# Strikeforce: Jacare Souza vs Luke Rockhold



## dudeabides (Sep 30, 2008)




----------



## hixxy (Sep 7, 2007)

2 million on Souza. Tempted to go with Rockhold because of the odds though!


----------



## dudeabides (Sep 30, 2008)

Whoa:



> Round 1 - Our championship bout is underway. Rockhold works low kicks but doesn't commit. He avoids a body kick from the champ. Souza shoots, but Rockhold fends it off. But he's tagged on the way, and Souza chases after him before clinching against the cage. Souza works him down to the mat. Rockhold remains in a seated position, and the pace slows. Souza finally lands some solid punches as Rockhold tries to improve his position. The punches keep coming, but Rockhold finally gets back up. Souza, though, quickly trips him back down. Rockhold works his way back up, but Souza clings to him, delivers knees to the body and then one to the kisser. Rockhold finally breaks free and resets. Rockhold works low kicks but eats a right. Rockhold works body kicks and then avoids Souza's lunging punches. Rockhold snaps off another nice low kick. He then tries a switch kivk that is blocked but unloads a quick flurry and continues the assault until Souza gets a needed takedown. Rockhold is quickly back up, and the round ends there. Rockhold finished strong, but Souza takes it on the MMAjunkie.com scorecard, 10-9.
> 
> Round 2 - Rockhold tries a spinning back kick but misses wide. Rockhold then chases after him with low and body kicks. Souza catches and stuns Rockhold with a straight right. Rockhold quickly recovers, but Souza swarms and delivers a barrage as they're clinched against the cage. He then pops him with a few elbow strikes. Souza checks a head kick and then another switch kick from Rockhold.
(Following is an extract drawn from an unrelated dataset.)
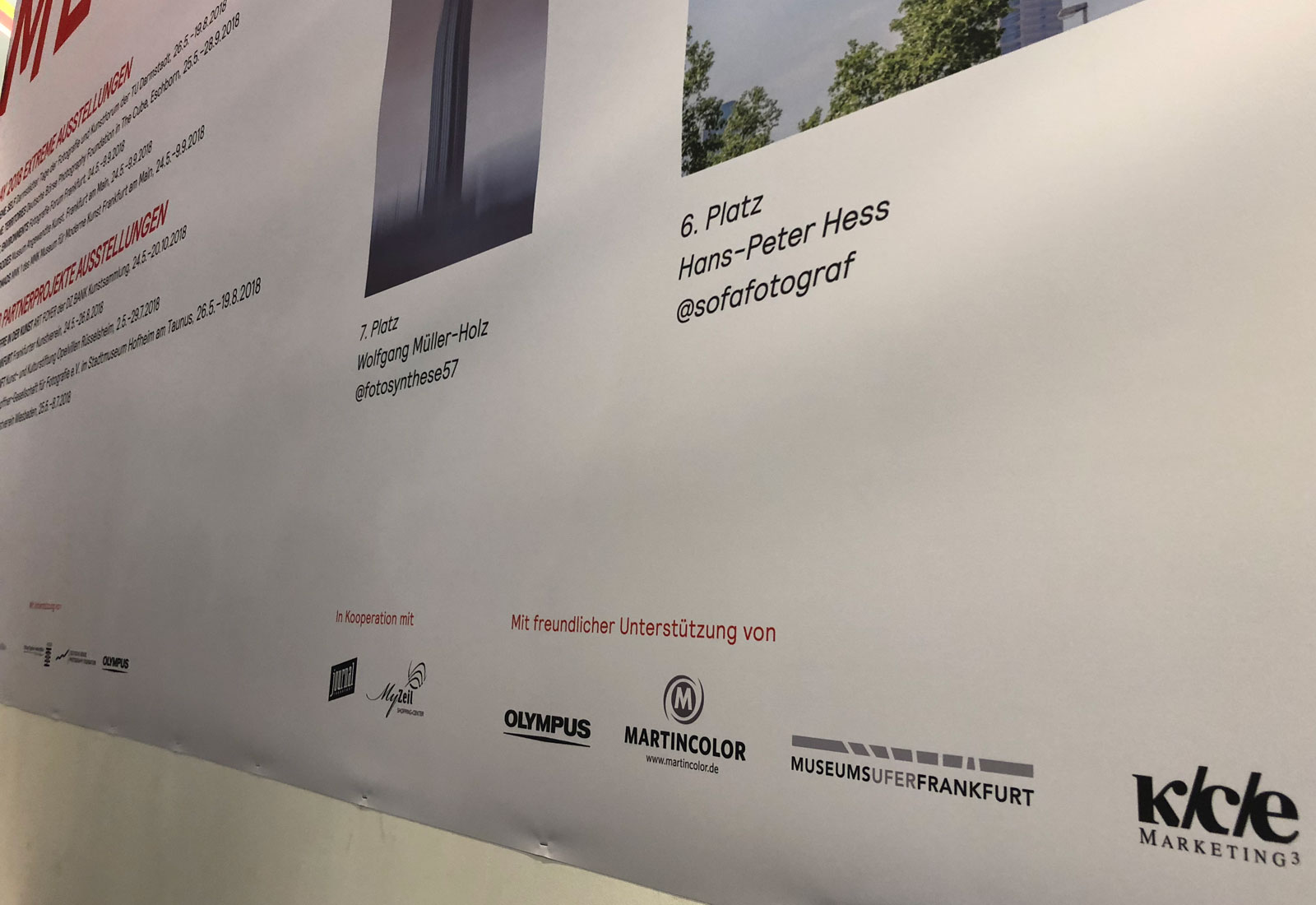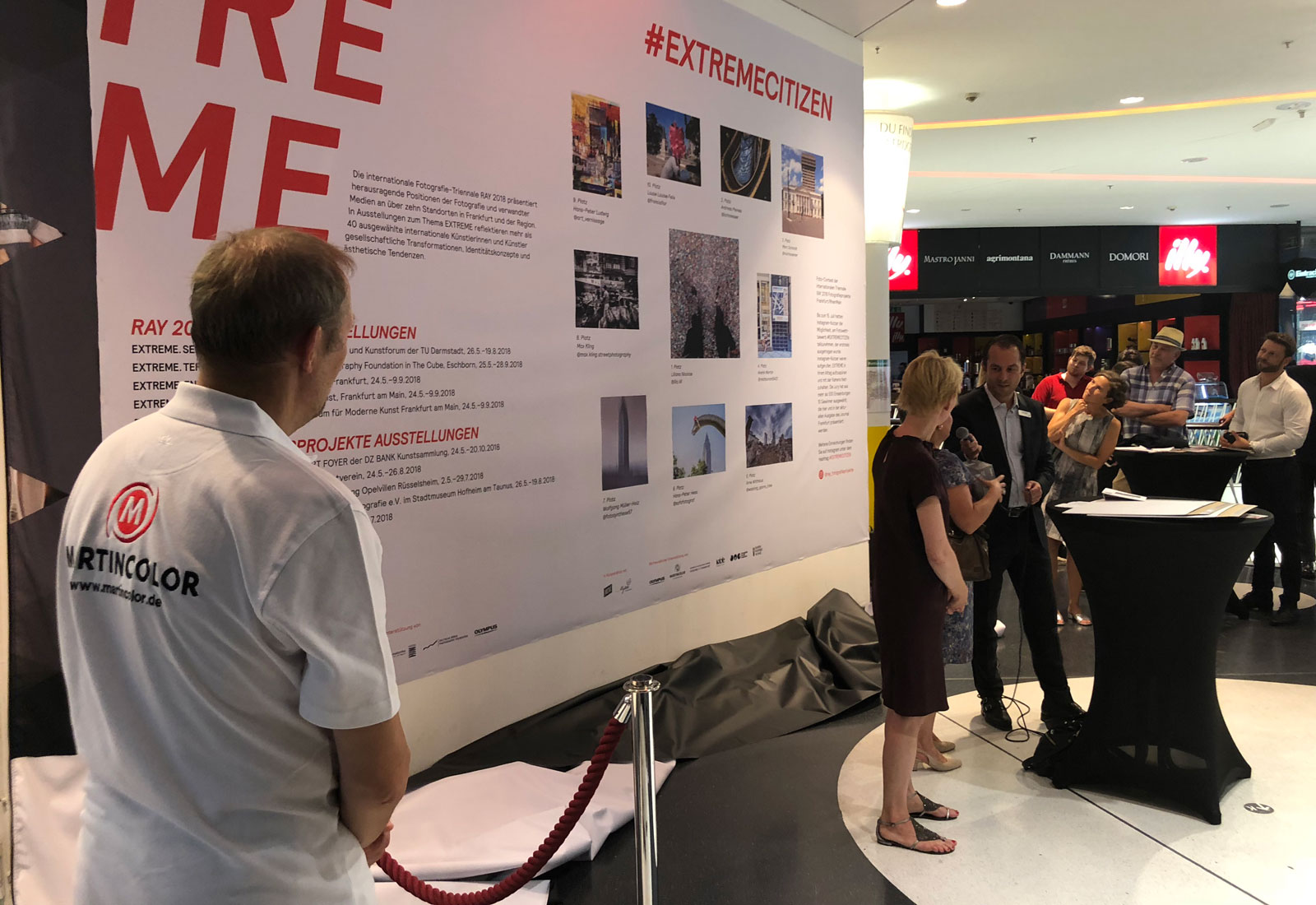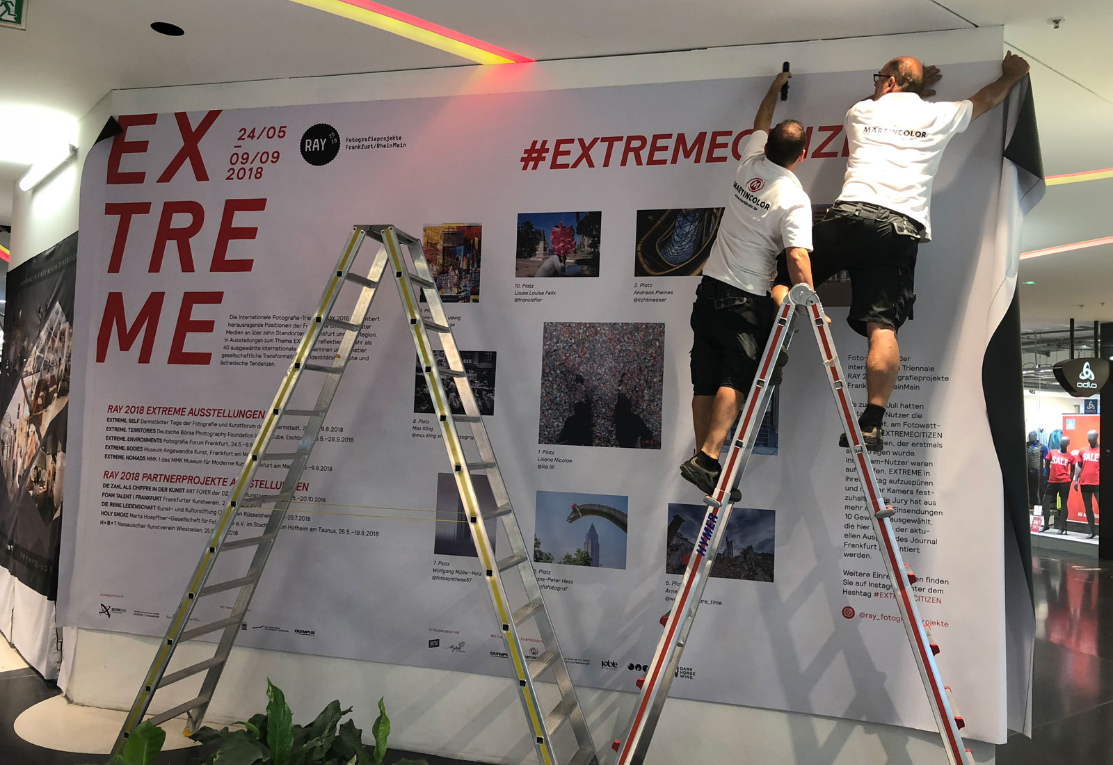 Korrespondierend zu RAY Frankfurt fand im Shopping Center MyZeil die Prämierung der Sieger des #extremecitizen Instagram Fotowettbewerbs 2018 statt. Aus den auf Instagram eingestellten Bewerberfotos wählte ein Gremium von RAY Fotografieprojekte, Journal Frankfurt und MyZeil die besten 10 Fotografien aus, die dann von MARTINCOLOR über den EPSON FineArt Printer auf Hahnemühle Papier ausgedruckt wurden.

Rockhold throws some straight punches and seems fully recovered now. Rockhold works some more low kicks and then pushes forward with a high kick. Souza checks it, clinches, and puts the challenger against the cage. Rockhold reverses and works knees to the thigh. Souza reverses and returns fire. They break and reset. They trade heavy blows, and Rockhold gets through a solid right. Souza checks a head kick, and Rockhold does the same. Souza partially lands an overhand right and whiffs on the next. Rockhold finishes the round with some nice lunging shots. It's closer, but Souza did the damage early to take the round, 10-9.
> 
> ...


http://mmajunkie.com/news/25171/strikeforce-barnett-vs-kharitonov-live-and-official-results.mma


----------



## OHKO (Jul 11, 2010)

Freaking damning shit lost almost all my credits yet AGAIN


----------